Each line of the data below between the one containing "Adams gränslös grå" and the one containing "Granions de Chrome", both included, is to be repeated exactly. Please omit pictures.

_Extracted records_:
· · · · · · ·

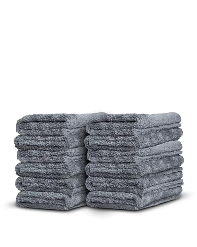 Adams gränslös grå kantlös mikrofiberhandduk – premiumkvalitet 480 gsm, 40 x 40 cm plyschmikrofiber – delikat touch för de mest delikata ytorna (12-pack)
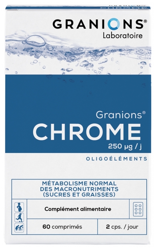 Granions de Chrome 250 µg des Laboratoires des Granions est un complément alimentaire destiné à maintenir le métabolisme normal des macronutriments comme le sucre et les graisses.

· · · · · · ·

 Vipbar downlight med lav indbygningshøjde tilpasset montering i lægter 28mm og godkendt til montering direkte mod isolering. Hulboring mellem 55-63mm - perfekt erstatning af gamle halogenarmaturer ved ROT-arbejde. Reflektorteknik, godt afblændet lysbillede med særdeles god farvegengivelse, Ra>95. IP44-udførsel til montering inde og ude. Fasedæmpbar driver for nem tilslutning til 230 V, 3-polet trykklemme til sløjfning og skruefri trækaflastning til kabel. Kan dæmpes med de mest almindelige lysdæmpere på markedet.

· · · · · · ·

_Solution_:
 Adams gränslös grå kantlös mikrofiberhandduk – premiumkvalitet 480 gsm, 40 x 40 cm plyschmikrofiber – delikat touch för de mest delikata ytorna (12-pack)
 Granions de Chrome 250 µg des Laboratoires des Granions est un complément alimentaire destiné à maintenir le métabolisme normal des macronutriments comme le sucre et les graisses.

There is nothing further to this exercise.